*** DATA RECORDS ***

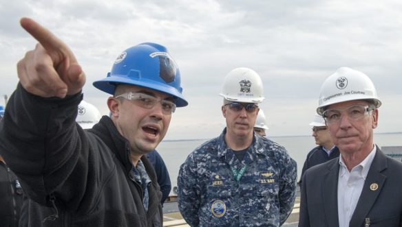 A sailor explains the layout and functionality of Ford’s flight deck to Rep. Joe Courtney in 2016. US Navy Photo
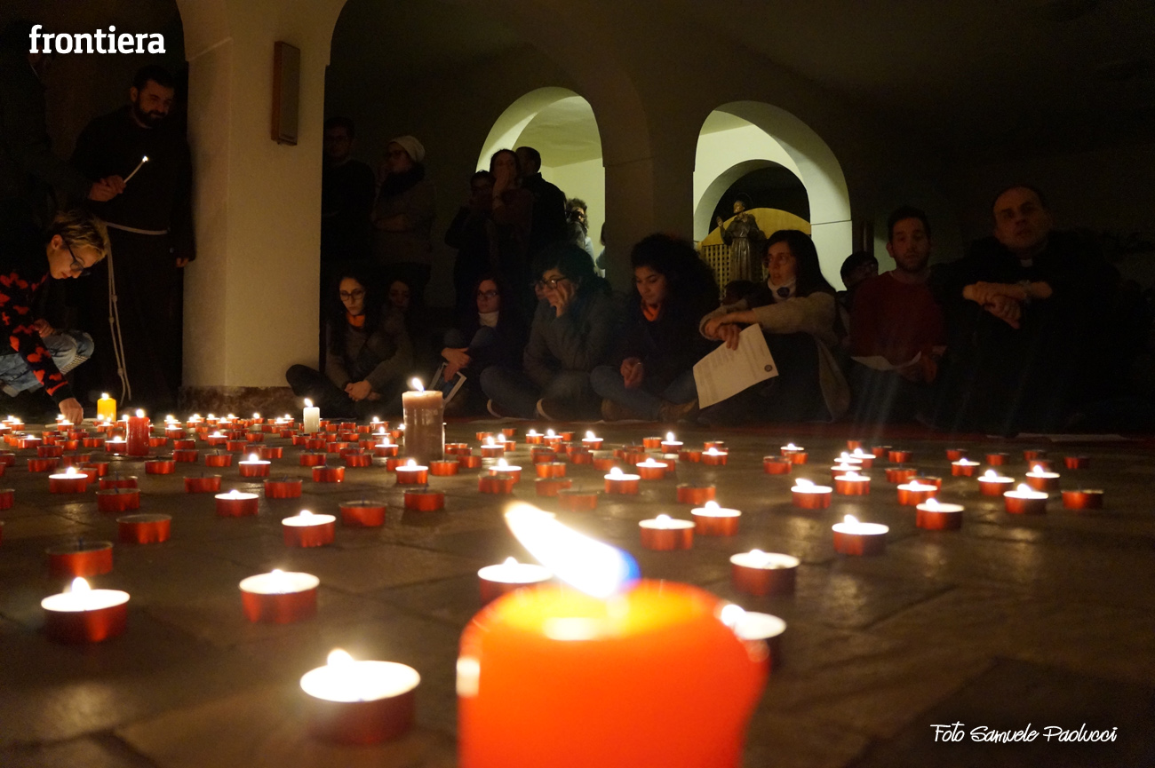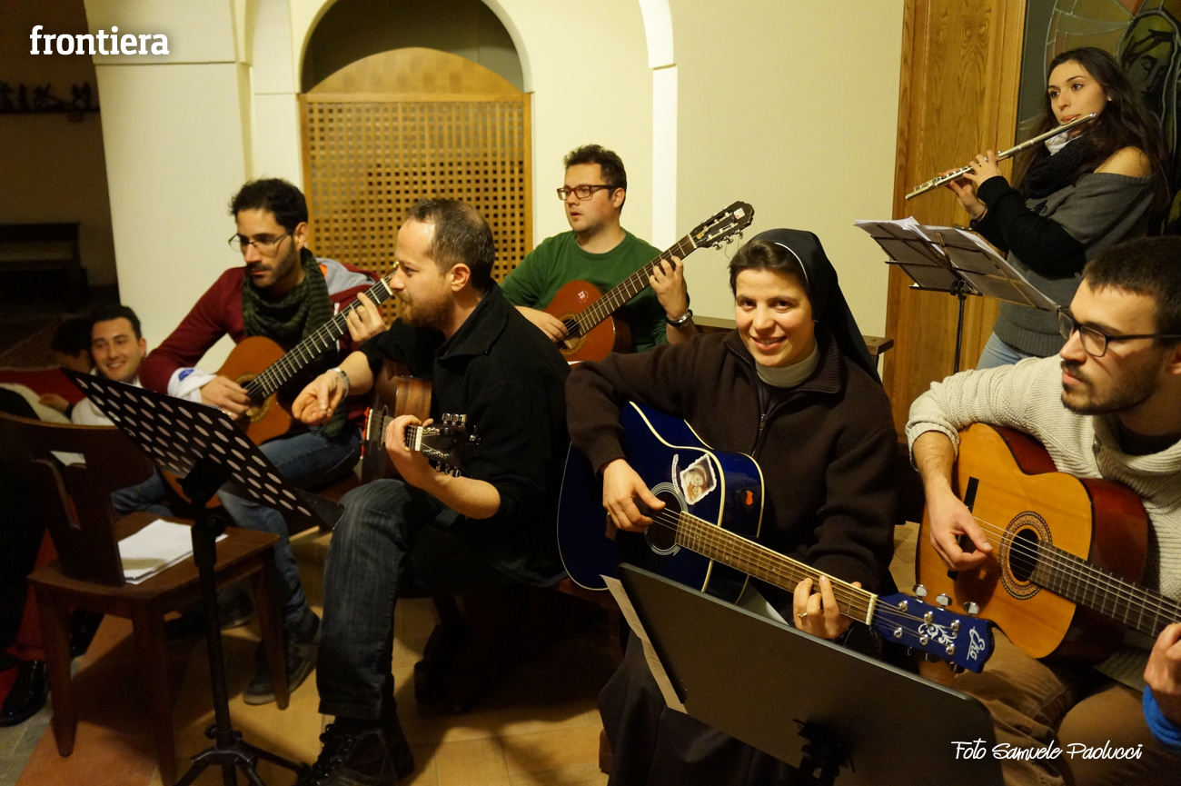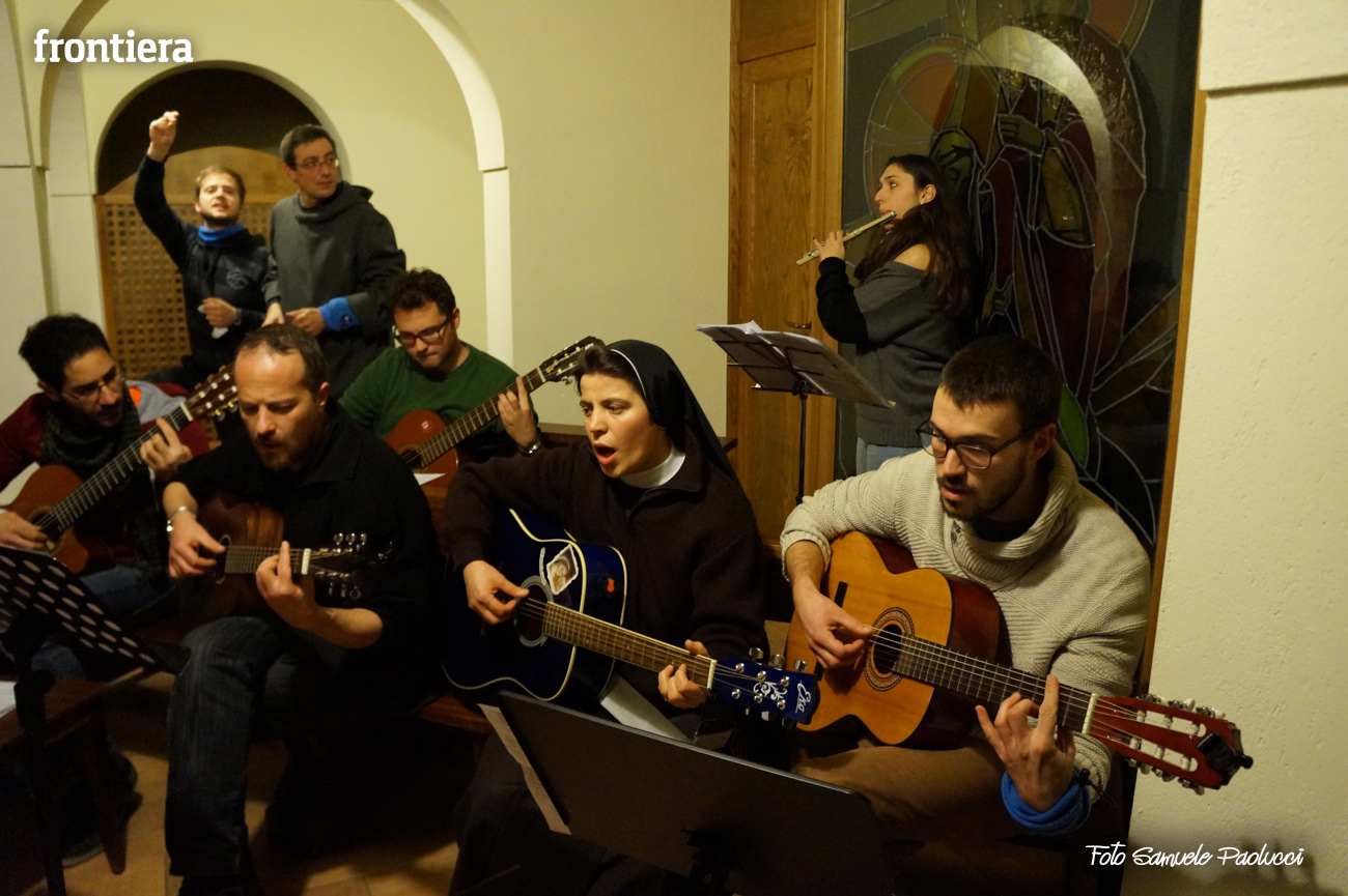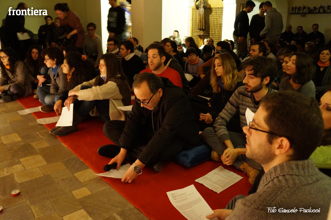 Uno dei momenti di maggior intensità musicale è stata la preghiera Taizè, con ben 5 chitarre, il flauto e il coro. È stata il culmine del coinvolgimento spirituale. La cappella stracolma, immersa nel buio, ha intonato i canoni con grande partecipazione. Il pavimento stellato di candeline, accese poco alla volta dai presenti, invitava a riprendere qualche riflessione interiore rimandata magari troppo a lungo. Davanti soltanto una rappresentazione del crocifisso e una Bibbia aperta. Alla fine le profonde parole del vescovo Domenico hanno avuto tutto il tempo di decantare nel animo dei presenti in un lungo silenzio.
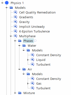 定义欧拉相 使用 VOF 多相模型需要为水和空气创建欧拉相。 要定义欧拉相: 右键单击连续体 > 物理 1 > 模型 > 多相 > 相节点并选择新建。 将相 1 重命名为水。 右键单击相 > 水 > 模型节点并选取选择模型... 在水模型选择对话框中: 从材料组合框中选择液体。 从状态方程组合框中选择恒密度。 单击关闭。 右键单击连续体 > 物理 1 > 模型 > 多相 > 相节点并选择新建。 将相 1 重命名为空气。 右键单击相 > 空气 > 模型节点并选取选择模型... 在空气模型选择对话框中: 从材料组合框中选择气体。 从状态方程组合框中选择恒密度。 单击关闭。
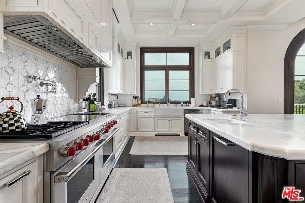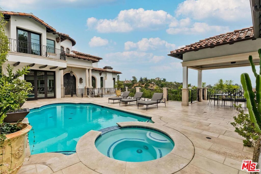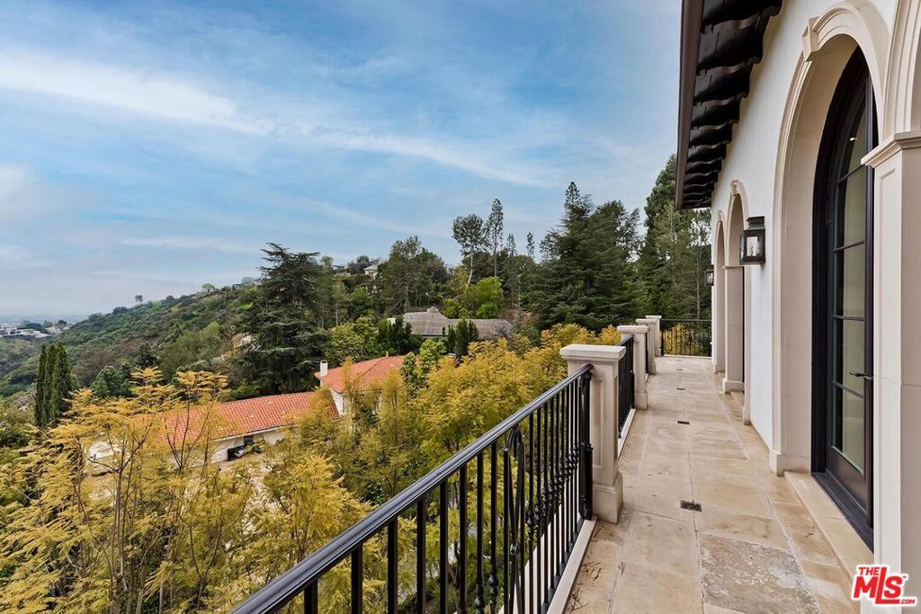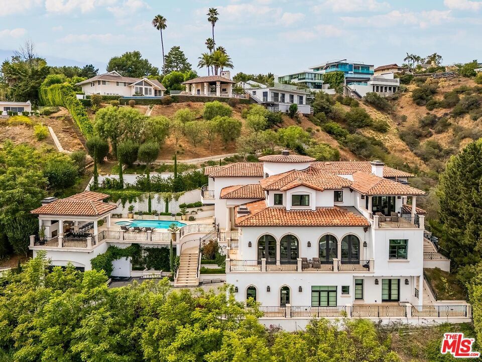 Experience the ultimate in privacy and luxury with this custom-built Bel-Air estate, showcasing designer finishes and meticulous attention to detail throughout. Enter this secluded oasis through a gated driveway leading to a spacious motor court that accommodates 5+ vehicles, plus two direct-entry 2-car garages. Spanning over 8,000 square feet, the home features 6 bedrooms and 9 bathrooms, along with a game room with bar, home theater, wine cellar, elevator, dedicated office, and a steam sauna on the lower level. The chef's kitchen is outfitted with a butler's pantry, Sub-Zero and Wolf appliances, Italian Borghini marble countertops, a large center island, and dual dishwashers. The luxurious primary suite includes a private sitting area with fireplace and opens to a large balcony offering stunning city and mountain views. It also boasts dual full bathrooms with heated floors and a generous walk-in closet. Thoughtful, high-end upgrades abound, including linear air conditioning, custom ironwork, solar panels, a gas and propane backup generator, central vacuum system, laundry chute, whole-house water filtration, five-zone HVAC, and a comprehensive security system with 16 cameras. The resort-style backyard is an entertainer's dream, featuring a spectacular pool and spa with fire features, panoramic views, a cabana with full bathroom, and a fully equipped outdoor kitchen with Viking appliances, BBQ, and dishwasher. Mature landscaping envelops the entire property, ensuring complete privacy. Home is offered unfurnished.
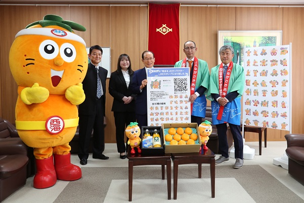 西海みかんの消費拡大PRのため、西海みかんのイメージキャラクター「味まるくん」をモチーフにしたLINEスタンプを長崎国際大学生と作成し、そのお披露目に市役所を訪れた関係者の皆さんと市長

***

## WHAT IS REQUIRED
Using the entries above, repeat exactly the lines from the one with "Uno dei momenti" to the one with "定义欧拉相 使用 VOF", both included, and leave the pictures behind.

## RESPONSE
 Uno dei momenti di maggior intensità musicale è stata la preghiera Taizè, con ben 5 chitarre, il flauto e il coro. È stata il culmine del coinvolgimento spirituale. La cappella stracolma, immersa nel buio, ha intonato i canoni con grande partecipazione. Il pavimento stellato di candeline, accese poco alla volta dai presenti, invitava a riprendere qualche riflessione interiore rimandata magari troppo a lungo. Davanti soltanto una rappresentazione del crocifisso e una Bibbia aperta. Alla fine le profonde parole del vescovo Domenico hanno avuto tutto il tempo di decantare nel animo dei presenti in un lungo silenzio.
 定义欧拉相 使用 VOF 多相模型需要为水和空气创建欧拉相。 要定义欧拉相: 右键单击连续体 > 物理 1 > 模型 > 多相 > 相节点并选择新建。 将相 1 重命名为水。 右键单击相 > 水 > 模型节点并选取选择模型... 在水模型选择对话框中: 从材料组合框中选择液体。 从状态方程组合框中选择恒密度。 单击关闭。 右键单击连续体 > 物理 1 > 模型 > 多相 > 相节点并选择新建。 将相 1 重命名为空气。 右键单击相 > 空气 > 模型节点并选取选择模型... 在空气模型选择对话框中: 从材料组合框中选择气体。 从状态方程组合框中选择恒密度。 单击关闭。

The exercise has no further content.